## What this task involves
Print exactly the lines that run from the one containing "striscione allo stadio." to the final line of the data, both included, and print none of the pictures.

## Excerpted data
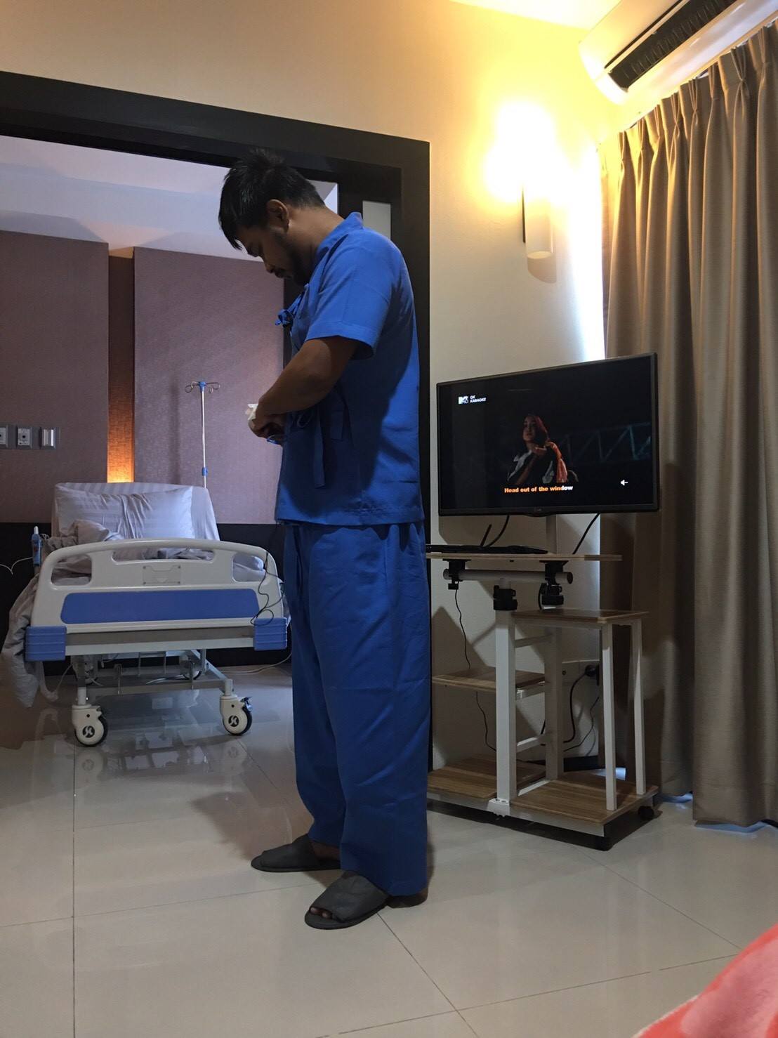 มาถึงวันผ่าตัด หมอให้งดน้ำ งดอาหารก่อนทำการผ่าตัด 8 ชั่วโมง และนอนที่ห้องพักที่โรงพยาบาลก่อนถึงเวลาเข้าห้องผ่าตัด
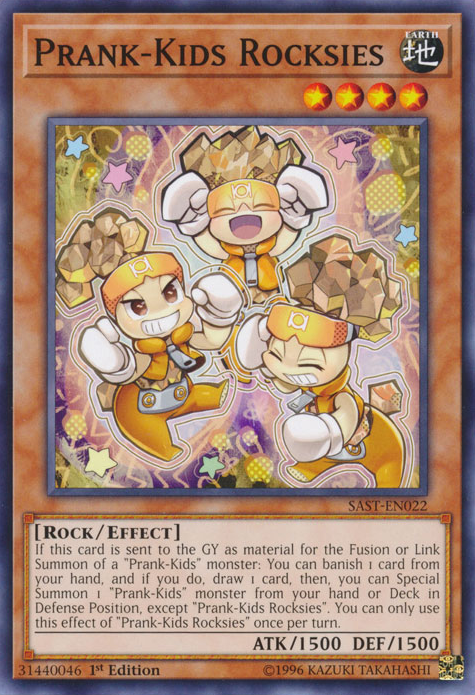 If this card is sent to the GY as material for the Fusion or Link Summon of a "Prank-Kids" monster: You can banish 1 card from your hand, and if you do, draw 1 card, then, you can Special Summon 1 "Prank-Kids" monster from your hand or Deck in Defense Position, except "Prank-Kids Rocksies". You can only use this effect of "Prank-Kids Rocksies" once per turn.
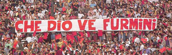 “Che Dio vi fulmini” (in romanesco): striscione allo stadio.
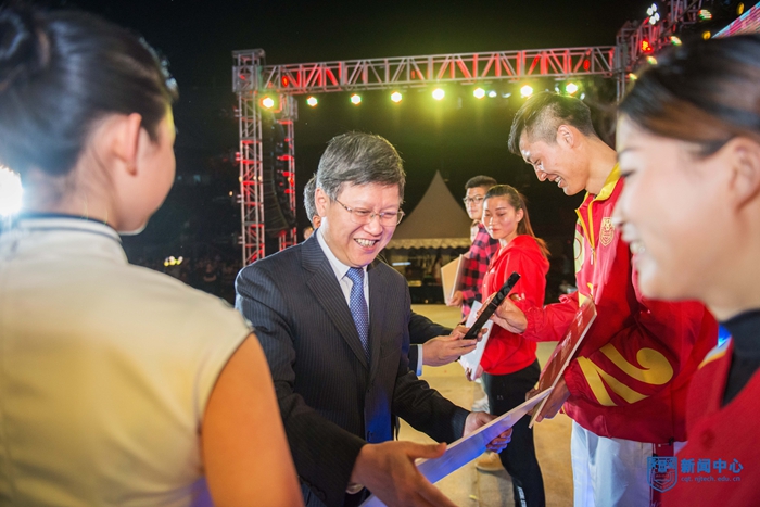 四月芳菲,春意满园,星光璀璨,活力盎然。4月19日晚,第十六届校运动会开幕式暨U-RUN跑步&健身盛典在江浦校区田径场隆重举行。校领导芮鸿岩、乔旭、牛生杰、蒋军成、崔益虎、张进明、巩建鸣、吴胜红,校体育运动委员会全体委员、各参赛单位负责人与运动员代表及活动赞助商代表等参加活动。开幕式由校体育运动委员会主任、副董事长崔益虎主持。
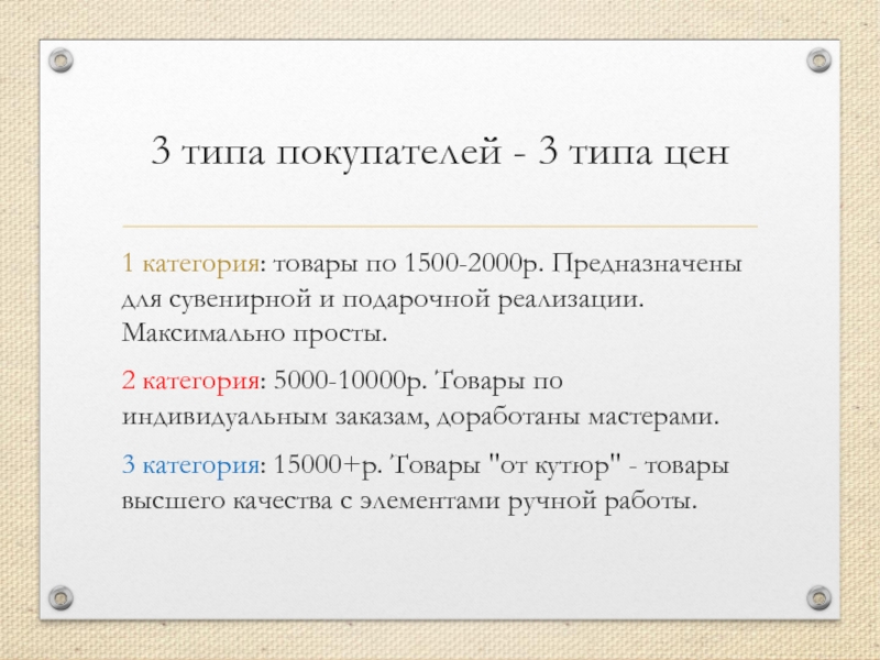 Слайд 43 типа покупателей - 3 типа цен

## Solved exercise
 “Che Dio vi fulmini” (in romanesco): striscione allo stadio.
 四月芳菲,春意满园,星光璀璨,活力盎然。4月19日晚,第十六届校运动会开幕式暨U-RUN跑步&健身盛典在江浦校区田径场隆重举行。校领导芮鸿岩、乔旭、牛生杰、蒋军成、崔益虎、张进明、巩建鸣、吴胜红,校体育运动委员会全体委员、各参赛单位负责人与运动员代表及活动赞助商代表等参加活动。开幕式由校体育运动委员会主任、副董事长崔益虎主持。
 Слайд 43 типа покупателей - 3 типа цен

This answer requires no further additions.